### Assignment
Pictures stay out; please output the remaining data exactly.

== Dataset entries

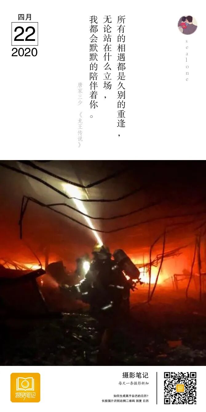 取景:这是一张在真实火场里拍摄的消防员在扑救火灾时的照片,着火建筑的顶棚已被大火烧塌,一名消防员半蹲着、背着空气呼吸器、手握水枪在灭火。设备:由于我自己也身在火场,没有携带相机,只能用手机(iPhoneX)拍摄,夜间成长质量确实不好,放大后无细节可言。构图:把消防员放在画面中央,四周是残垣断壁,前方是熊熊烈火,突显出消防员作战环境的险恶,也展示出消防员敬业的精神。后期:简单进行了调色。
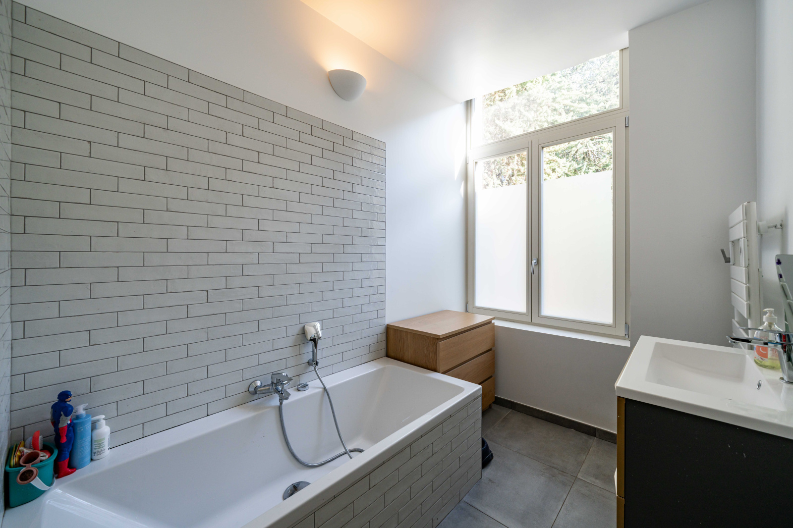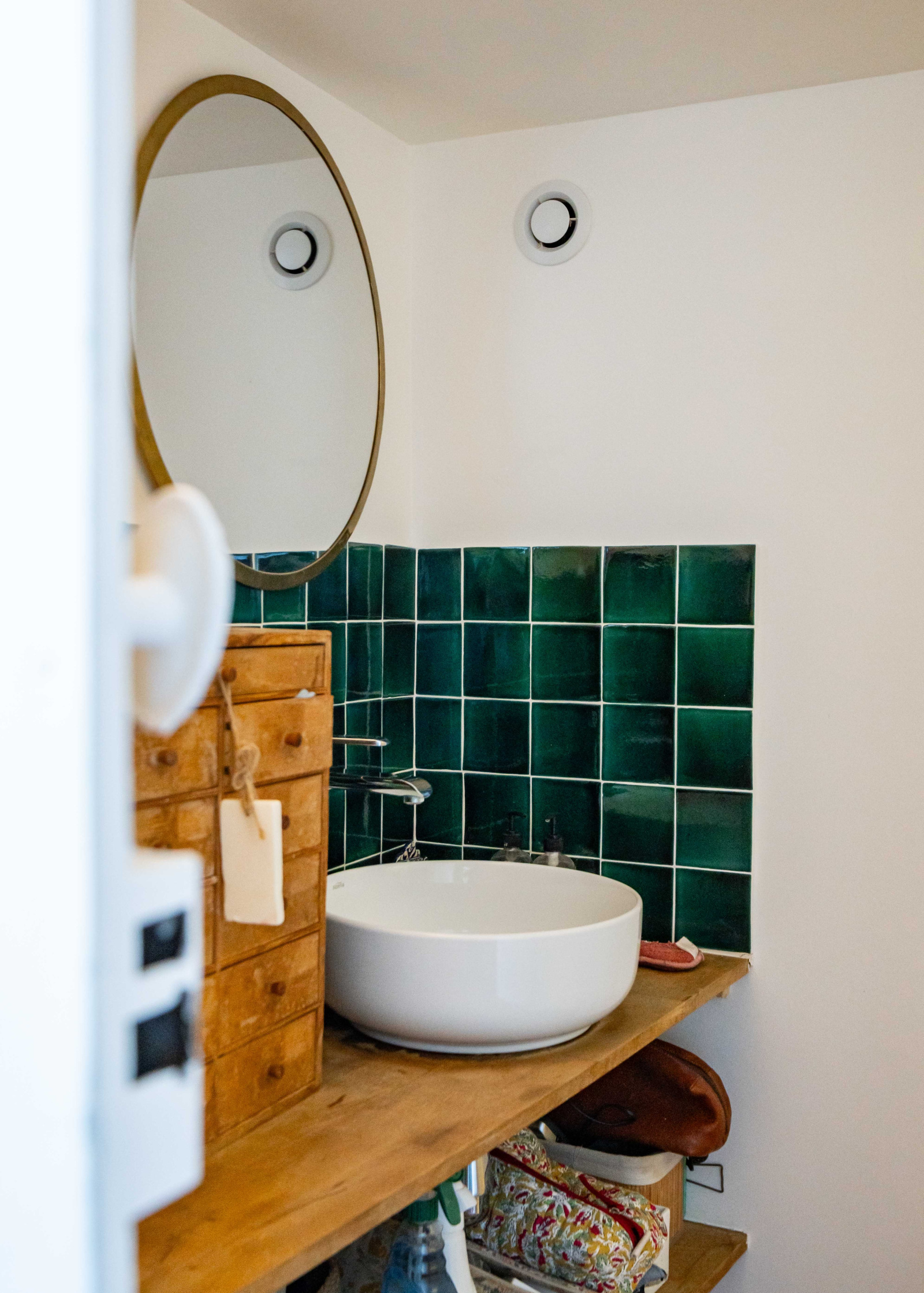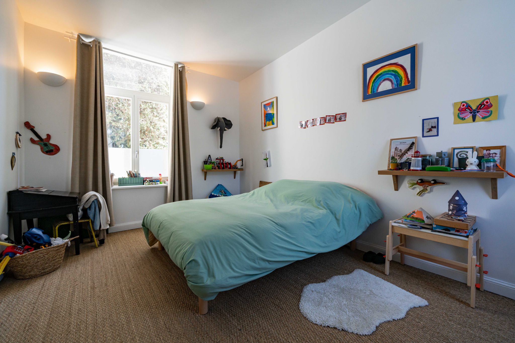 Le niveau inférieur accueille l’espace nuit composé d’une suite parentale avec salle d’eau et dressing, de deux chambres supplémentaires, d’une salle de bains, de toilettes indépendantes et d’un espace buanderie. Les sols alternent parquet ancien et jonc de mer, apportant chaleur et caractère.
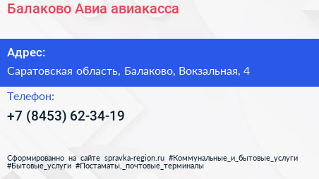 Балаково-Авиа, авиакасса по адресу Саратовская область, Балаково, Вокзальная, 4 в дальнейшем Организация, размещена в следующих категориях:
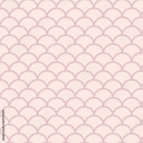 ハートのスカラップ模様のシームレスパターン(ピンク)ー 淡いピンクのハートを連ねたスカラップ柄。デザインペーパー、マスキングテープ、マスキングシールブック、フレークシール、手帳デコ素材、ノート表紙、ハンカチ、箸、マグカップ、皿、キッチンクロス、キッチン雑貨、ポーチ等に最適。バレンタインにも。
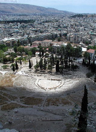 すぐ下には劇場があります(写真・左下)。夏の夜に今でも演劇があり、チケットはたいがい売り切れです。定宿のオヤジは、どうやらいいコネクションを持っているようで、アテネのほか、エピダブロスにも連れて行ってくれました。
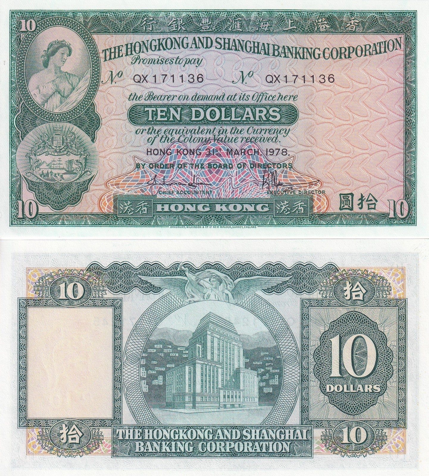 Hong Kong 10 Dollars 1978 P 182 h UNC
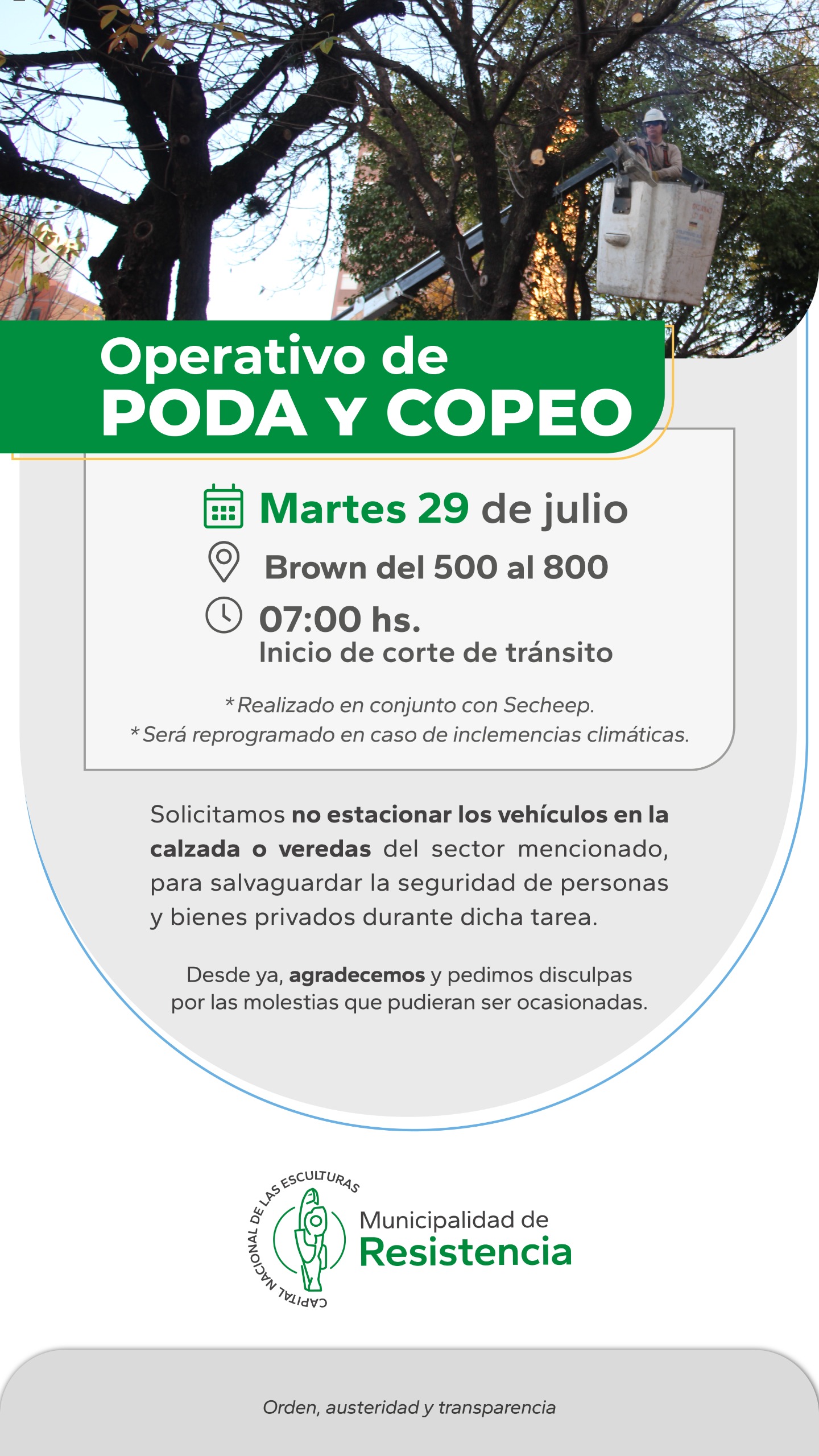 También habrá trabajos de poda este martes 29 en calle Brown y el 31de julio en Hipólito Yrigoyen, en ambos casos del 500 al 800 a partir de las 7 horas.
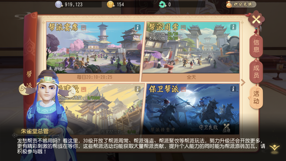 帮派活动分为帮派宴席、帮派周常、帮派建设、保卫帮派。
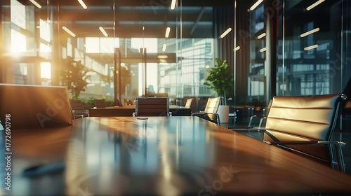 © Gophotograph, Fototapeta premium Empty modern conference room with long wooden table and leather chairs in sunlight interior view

====

### Expected output
 取景:这是一张在真实火场里拍摄的消防员在扑救火灾时的照片,着火建筑的顶棚已被大火烧塌,一名消防员半蹲着、背着空气呼吸器、手握水枪在灭火。设备:由于我自己也身在火场,没有携带相机,只能用手机(iPhoneX)拍摄,夜间成长质量确实不好,放大后无细节可言。构图:把消防员放在画面中央,四周是残垣断壁,前方是熊熊烈火,突显出消防员作战环境的险恶,也展示出消防员敬业的精神。后期:简单进行了调色。
 Le niveau inférieur accueille l’espace nuit composé d’une suite parentale avec salle d’eau et dressing, de deux chambres supplémentaires, d’une salle de bains, de toilettes indépendantes et d’un espace buanderie. Les sols alternent parquet ancien et jonc de mer, apportant chaleur et caractère.
 Балаково-Авиа, авиакасса по адресу Саратовская область, Балаково, Вокзальная, 4 в дальнейшем Организация, размещена в следующих категориях:
 ハートのスカラップ模様のシームレスパターン(ピンク)ー 淡いピンクのハートを連ねたスカラップ柄。デザインペーパー、マスキングテープ、マスキングシールブック、フレークシール、手帳デコ素材、ノート表紙、ハンカチ、箸、マグカップ、皿、キッチンクロス、キッチン雑貨、ポーチ等に最適。バレンタインにも。
 すぐ下には劇場があります(写真・左下)。夏の夜に今でも演劇があり、チケットはたいがい売り切れです。定宿のオヤジは、どうやらいいコネクションを持っているようで、アテネのほか、エピダブロスにも連れて行ってくれました。
 Hong Kong 10 Dollars 1978 P 182 h UNC
 También habrá trabajos de poda este martes 29 en calle Brown y el 31de julio en Hipólito Yrigoyen, en ambos casos del 500 al 800 a partir de las 7 horas.
 帮派活动分为帮派宴席、帮派周常、帮派建设、保卫帮派。
 © Gophotograph, Fototapeta premium Empty modern conference room with long wooden table and leather chairs in sunlight interior view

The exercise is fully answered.